Ensuring girls have access to education in Somalia is also essential to continue this trajectory of progress, Elman explains. In a country where education is completely privatised and the only free schools are run by civil society organisations, a large proportion of the population is missing out on schooling, with girls hit the hardest. In response, Elman Peace recently launched a girls leadership academy, offering 200 girls four years of free education.

Elman explains that the programme was the brainchild of her late sister Almaas, who she tragically lost in 2019. Her older sister, an aid worker and activist, was shot and killed while riding in a car in a heavily fortified compound near the airport in Mogadishu. It is still not clear who was responsible.

Elman wrote in an article for The Hill in 2021 that the loss of her sister pushed her to reflect on how she and others living through conflict processed trauma.

“[In Somalia] it’s considered weak or even ungrateful to ‘complain’ or speak of the trauma that one has encountered,” she wrote. “Instead, people are encouraged to be thankful to have survived and are expected to simply move on.”

The experience gave new impetus to Elman’s work promoting the importance of mental health support – not only for victims but also for civil society staff and local aid workers, who do not have access to the same mental health support as their international counterparts.
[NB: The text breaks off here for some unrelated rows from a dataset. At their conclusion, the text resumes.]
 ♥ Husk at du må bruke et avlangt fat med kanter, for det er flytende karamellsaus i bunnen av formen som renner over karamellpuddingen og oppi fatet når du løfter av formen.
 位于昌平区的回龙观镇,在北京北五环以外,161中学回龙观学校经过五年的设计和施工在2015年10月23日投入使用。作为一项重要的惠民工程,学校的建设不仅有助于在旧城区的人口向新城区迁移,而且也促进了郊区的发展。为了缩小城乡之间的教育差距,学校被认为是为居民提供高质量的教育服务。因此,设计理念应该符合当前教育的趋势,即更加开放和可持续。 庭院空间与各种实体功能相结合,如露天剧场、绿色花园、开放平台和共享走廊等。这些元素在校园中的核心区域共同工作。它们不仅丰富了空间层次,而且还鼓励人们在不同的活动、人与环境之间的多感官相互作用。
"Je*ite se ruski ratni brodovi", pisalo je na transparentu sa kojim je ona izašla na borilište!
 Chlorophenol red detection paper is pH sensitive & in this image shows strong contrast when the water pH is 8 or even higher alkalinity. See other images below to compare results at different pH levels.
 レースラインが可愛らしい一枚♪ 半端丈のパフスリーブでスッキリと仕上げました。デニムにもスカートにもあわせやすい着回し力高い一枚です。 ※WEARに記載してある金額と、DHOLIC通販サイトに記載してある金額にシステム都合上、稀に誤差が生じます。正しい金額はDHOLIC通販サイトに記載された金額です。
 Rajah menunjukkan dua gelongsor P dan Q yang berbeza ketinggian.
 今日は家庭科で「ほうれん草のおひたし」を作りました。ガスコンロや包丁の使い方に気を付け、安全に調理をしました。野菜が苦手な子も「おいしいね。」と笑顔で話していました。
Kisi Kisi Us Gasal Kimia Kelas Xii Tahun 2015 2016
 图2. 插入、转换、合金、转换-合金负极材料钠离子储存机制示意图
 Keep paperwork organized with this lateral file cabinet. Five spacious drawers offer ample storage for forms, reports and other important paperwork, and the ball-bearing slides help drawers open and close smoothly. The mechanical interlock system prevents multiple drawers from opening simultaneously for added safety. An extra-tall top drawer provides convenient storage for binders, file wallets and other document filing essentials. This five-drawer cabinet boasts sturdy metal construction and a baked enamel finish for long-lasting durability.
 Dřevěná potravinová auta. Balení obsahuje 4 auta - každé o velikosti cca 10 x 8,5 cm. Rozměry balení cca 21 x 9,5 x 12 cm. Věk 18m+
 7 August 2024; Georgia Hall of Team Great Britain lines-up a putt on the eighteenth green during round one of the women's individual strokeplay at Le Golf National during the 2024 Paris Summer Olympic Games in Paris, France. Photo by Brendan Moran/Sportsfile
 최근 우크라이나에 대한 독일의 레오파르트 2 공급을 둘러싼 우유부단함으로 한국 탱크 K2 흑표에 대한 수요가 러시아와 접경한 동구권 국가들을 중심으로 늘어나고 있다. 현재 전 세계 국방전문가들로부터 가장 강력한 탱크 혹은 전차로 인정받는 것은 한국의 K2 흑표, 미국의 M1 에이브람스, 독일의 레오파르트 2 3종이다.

With one third of Somalis affected by some form of mental illness, according to the World Health Organization (WHO), Elman says more must be done to normalise the conversation about mental health.

“The concept of mental health and wellbeing are not ones that are mainstreamed, and that’s what we are trying to make a culture around – not just for beneficiaries of the different services and programmes that we offer but also for frontline workers,” she says.

Mental health comes front and centre of their work with women and former child soldiers, with Elman and her colleagues constantly coming up with ideas to help people rebuild their lives. They recently began running an ocean therapy programme which uses surfing to help young people deal with their trauma, taking advantage of Somalia’s long and largely untouched coastline.

Since she returned to Somalia 10 years ago, the security and development situation has undoubtedly improved. Elman also says there has been a rise in youth leadership, more women holding power in government, and citizens becoming much more active in pushing for peace. “A society that holds governments to account, and preaches and advocates for its own peace, is what gives me the most hope, and we’re starting to see that,” she says.

However, political corruption, unrest and attacks by Al-Shabaab continue, and the country continues to plunge deeper into a humanitarian crisis partly fuelled by a historic drought that is thought to have killed over 40,000 people last year.

But despite the many obstacles her country faces on the road to peace, Elman has no plans to leave any time soon. “The reason I’ve never wanted to leave is because change is happening, however incremental, and we can see that we are contributing to rebuilding a society, whether that’s our investments in economic recovery or education, or challenging social norms,” she says. “Peacebuilding is a long-term investment, and we’re just at the beginning.”